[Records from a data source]
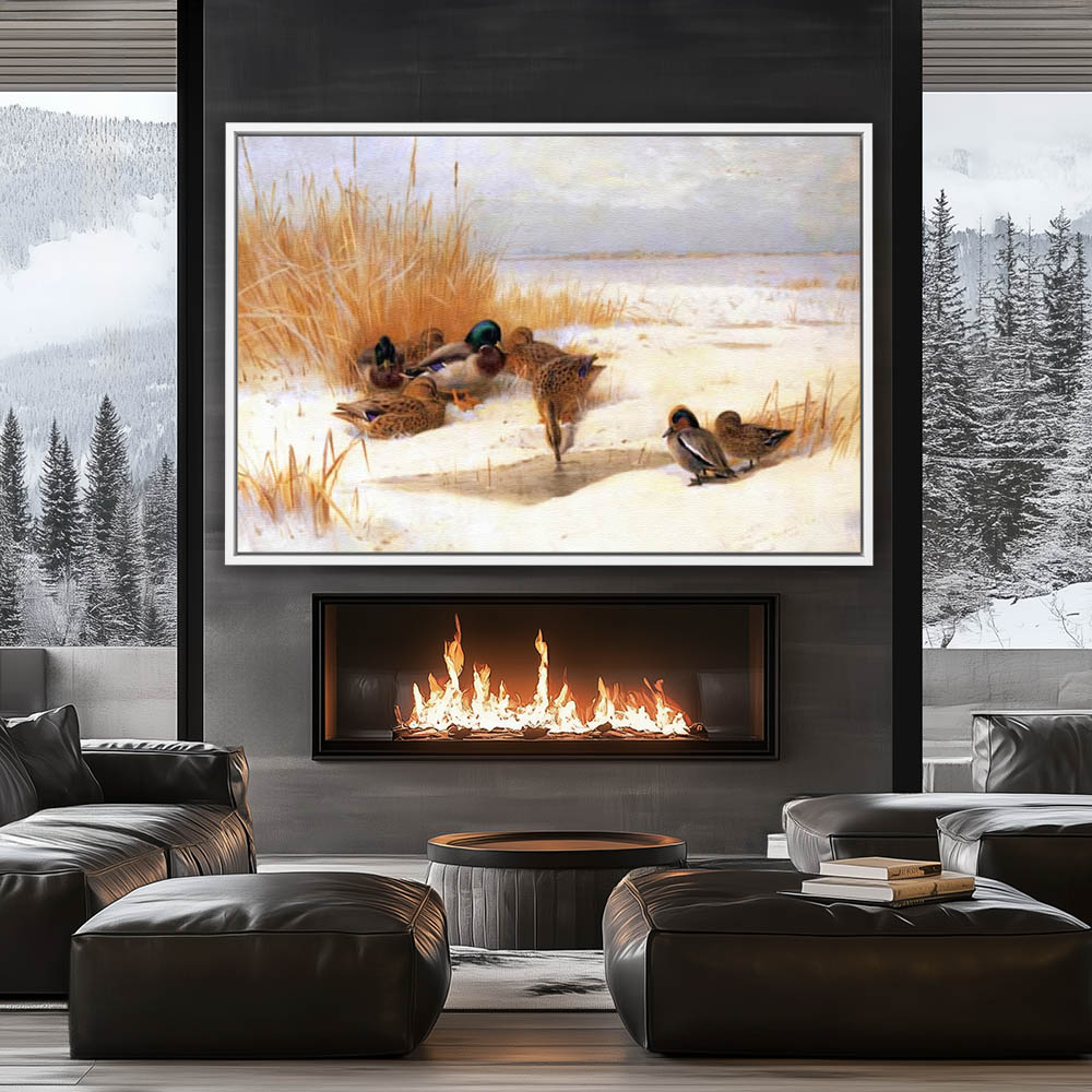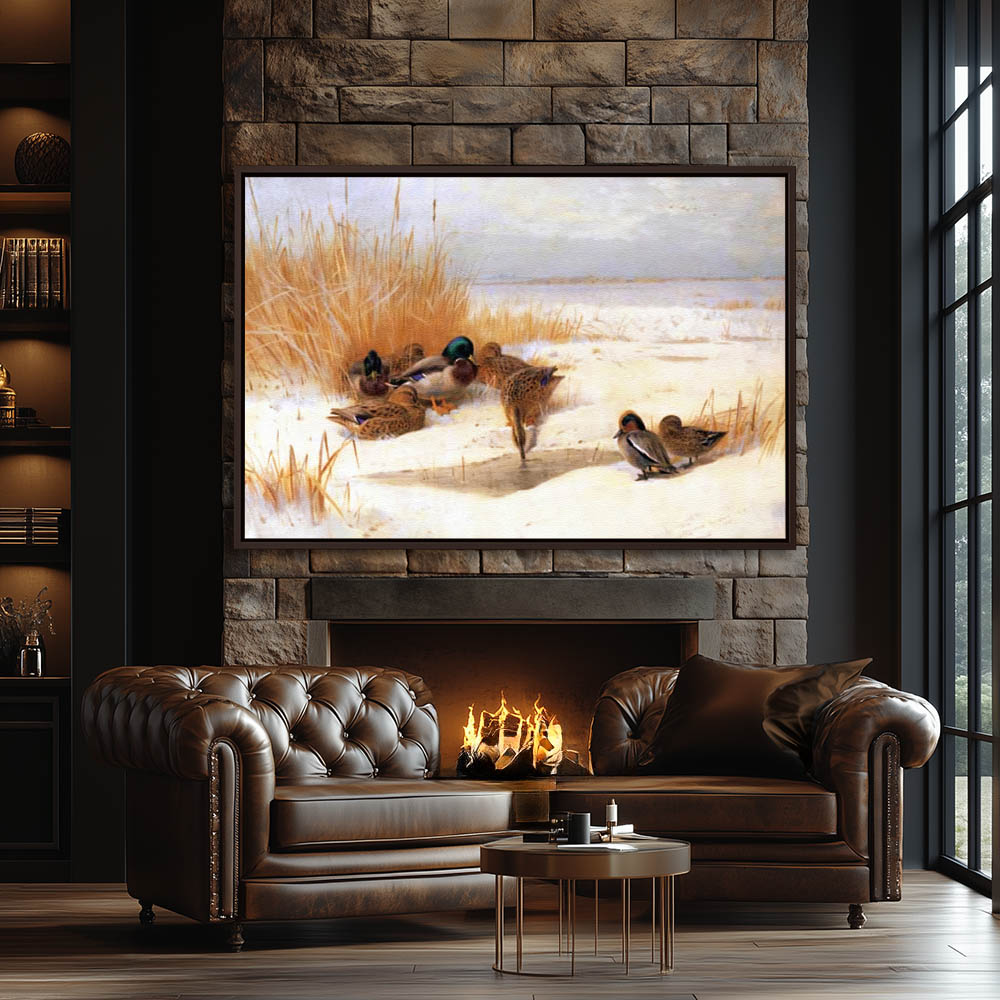 Snowy Marsh Landscape Painting with Mallard and Teal Ducks on the Snow
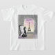 Svartvit felik katt som ut kontrollerar det Eiffel torn i Paris.
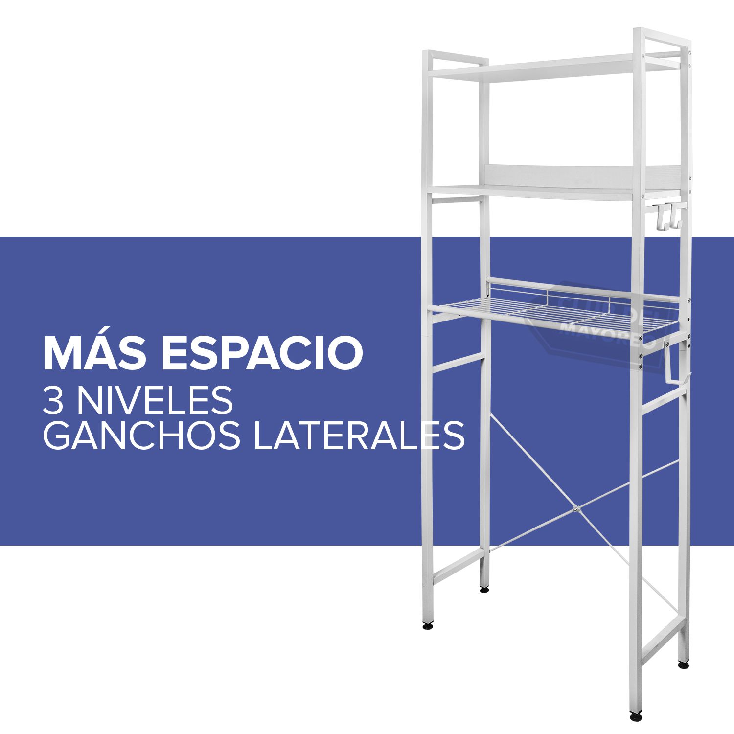 Perfecto organizador para baño con el cual podras almacenar y tener siempre a la mano toallas, papel higienico, limpiadores, cepillos, utensilios y mas. Mantiene los espacios del baño en su lugar y perfectamente ordenados, proporcionando un entorno limpio. Ahorre y aproveche el máximo en espacios cuenta con 3 niveles de almacenaje y ganchos laterales. Construido en materiales resistentes a la humedad.
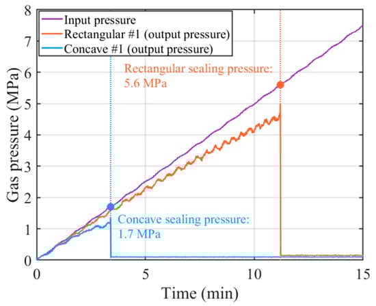 Experimental validation of sealing performance revealed significant differences between rectangular and concave contact geometries. Figure 15 illustrates the comparative sealing behaviors of both designs across the operating pressure range.
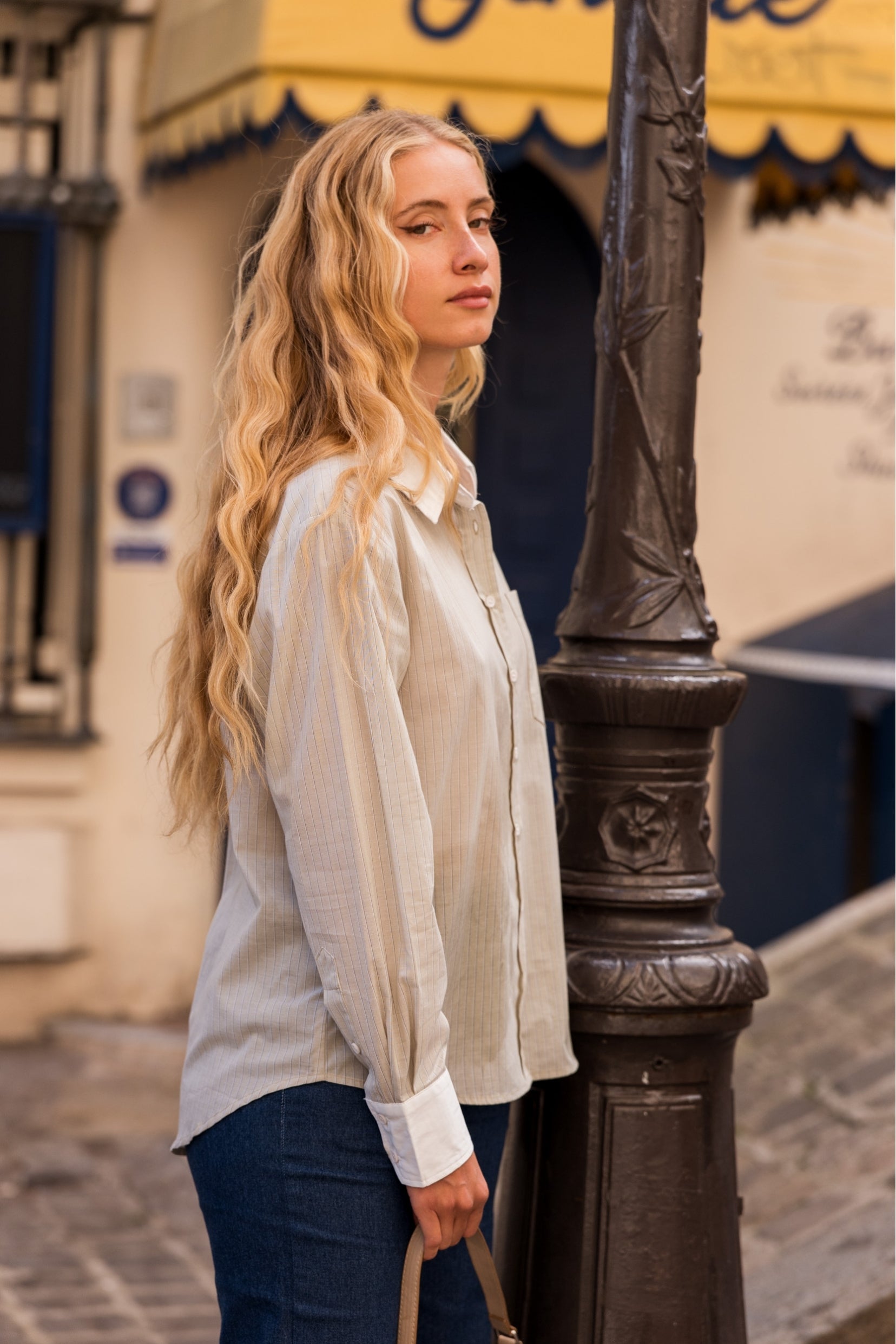 Avec sa coupe droite, la chemise Ophélie met en valeur un col chemise contrasté et des poignets assortis. La poche plaquée sur la poitrine et le boutonnage sur le devant complètent ses détails soignés.
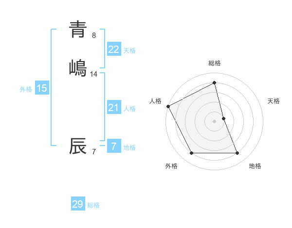 青嶋 辰さんを姓名の画数から五運を鑑定
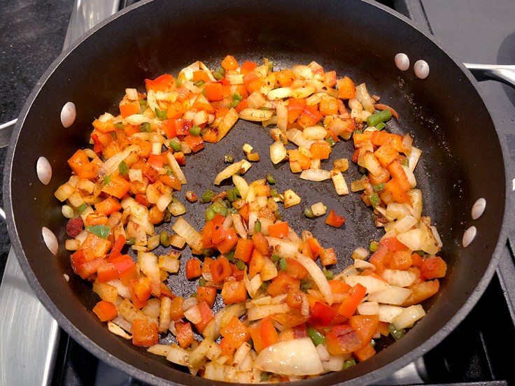 - Once hot, add the onions, peppers, and jalapeno to the pan. Sautee them until soft and the onions are translucent. It’s ok if they take on a little char in the process.
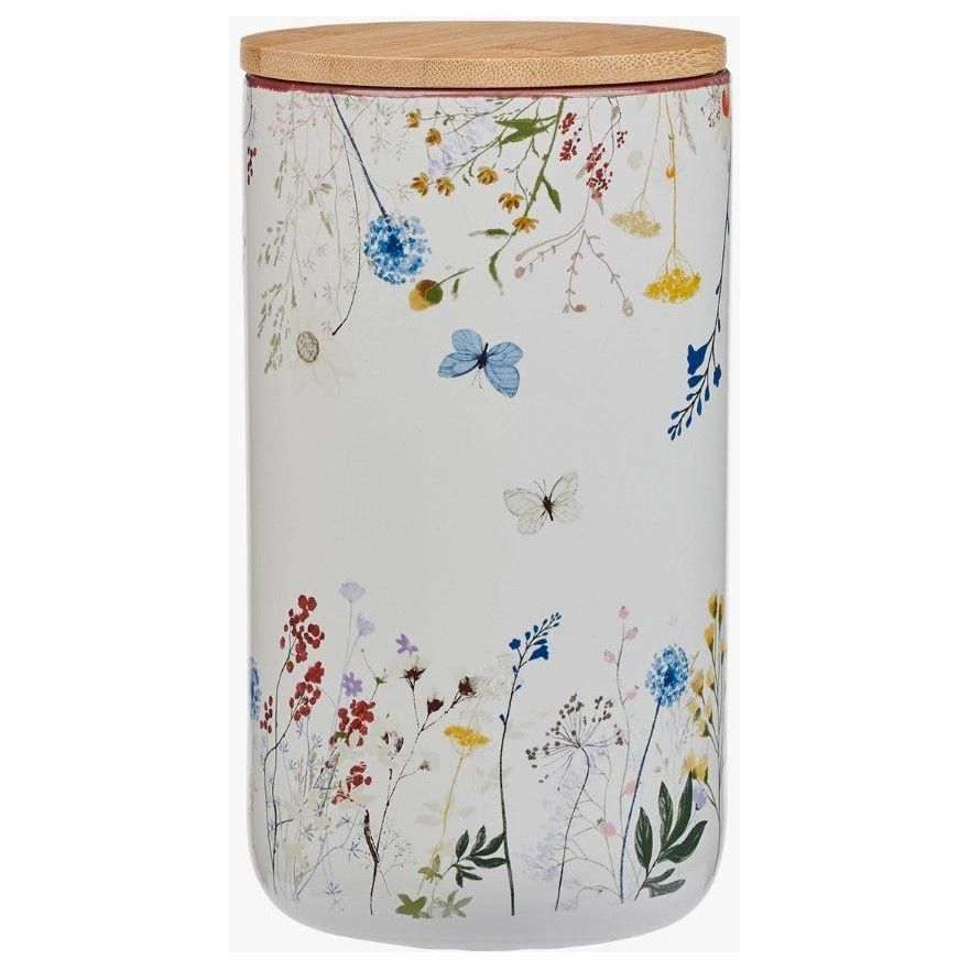 A bamboo lid with a silicone seal fits tightly into the jar's opening. Taking note of your blessings is easy with the included 365 tear-off note cards. The cards feature a mustard yellow background, a base of wildflowers, and a gratitude-themed Scripture verse on the front. There is space to record your blessing on the back.
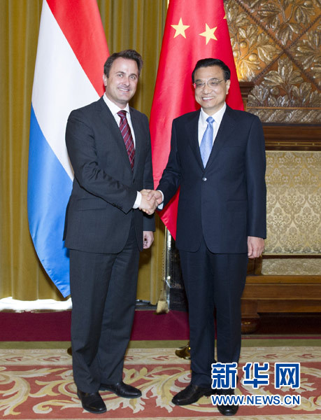 ??? 當(dāng)?shù)貢r間10月11日上午,中國國務(wù)院總理李克強在出席中歐論壇漢堡峰會前會見盧森堡首相貝特爾。 新華社記者王曄攝
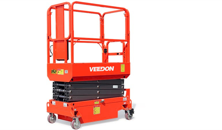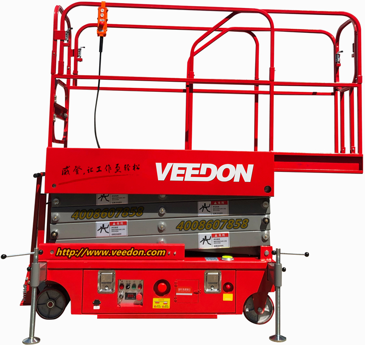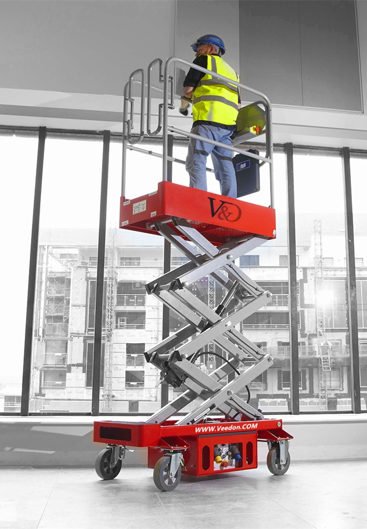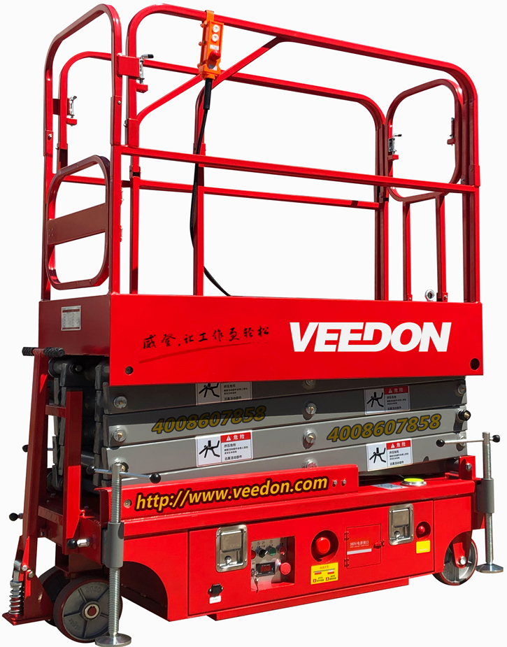 威登Veedon小型剪叉式高空作业平台质量轻、体积小单人可以轻松灵活的移动至作业点;业内最小的平台尺寸1.15m×0.70m,适合在狭小的空间作业;抽屉式底盘方便维护;故障代码自动显示方便检修。
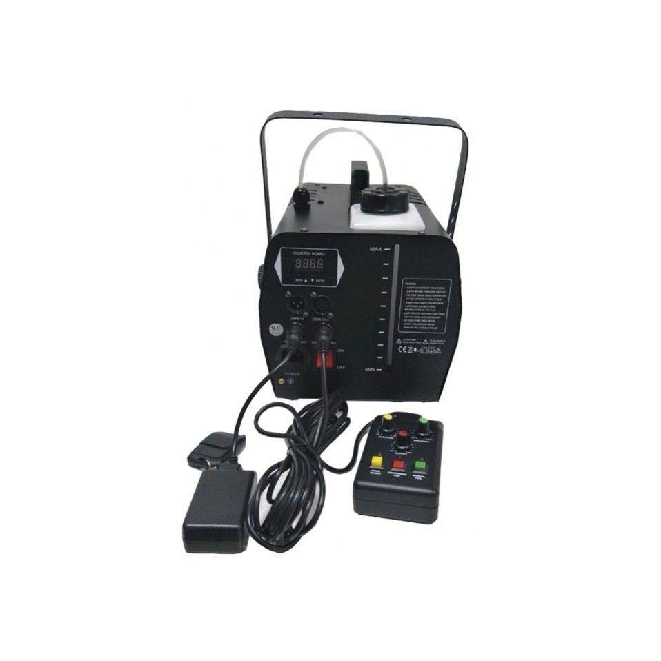 Компактный и производительный генератор тумана мощностью в 1000 Вт, способный вырабатывать 226 м³/мин при времени предварительного нагрева в 3 минуты. Генератор оборудован уникальной системой нагрева, позволяющей производить туман равномерно без перерывов. Он имеет возможность регулировки объема подаваемого тумана и регулировки скорости вращения вентилятора. Для избежания запаха гари устройство оборудовано точным контролем температуры. Также генератор может похвастаться низким потреблением жидкости и функцией отключения при опустошении бака для безопасности.

(ABOUT THIS EXERCISE): Extract the part of the records that opens with the line containing "Svartvit felik katt" and closes with the line containing "青嶋 辰さんを姓名の画数から五運を鑑定". Take only those lines, exactly, and no pictures.

(SOLUTION):
 Svartvit felik katt som ut kontrollerar det Eiffel torn i Paris.
 Perfecto organizador para baño con el cual podras almacenar y tener siempre a la mano toallas, papel higienico, limpiadores, cepillos, utensilios y mas. Mantiene los espacios del baño en su lugar y perfectamente ordenados, proporcionando un entorno limpio. Ahorre y aproveche el máximo en espacios cuenta con 3 niveles de almacenaje y ganchos laterales. Construido en materiales resistentes a la humedad.
 Experimental validation of sealing performance revealed significant differences between rectangular and concave contact geometries. Figure 15 illustrates the comparative sealing behaviors of both designs across the operating pressure range.
 Avec sa coupe droite, la chemise Ophélie met en valeur un col chemise contrasté et des poignets assortis. La poche plaquée sur la poitrine et le boutonnage sur le devant complètent ses détails soignés.
 青嶋 辰さんを姓名の画数から五運を鑑定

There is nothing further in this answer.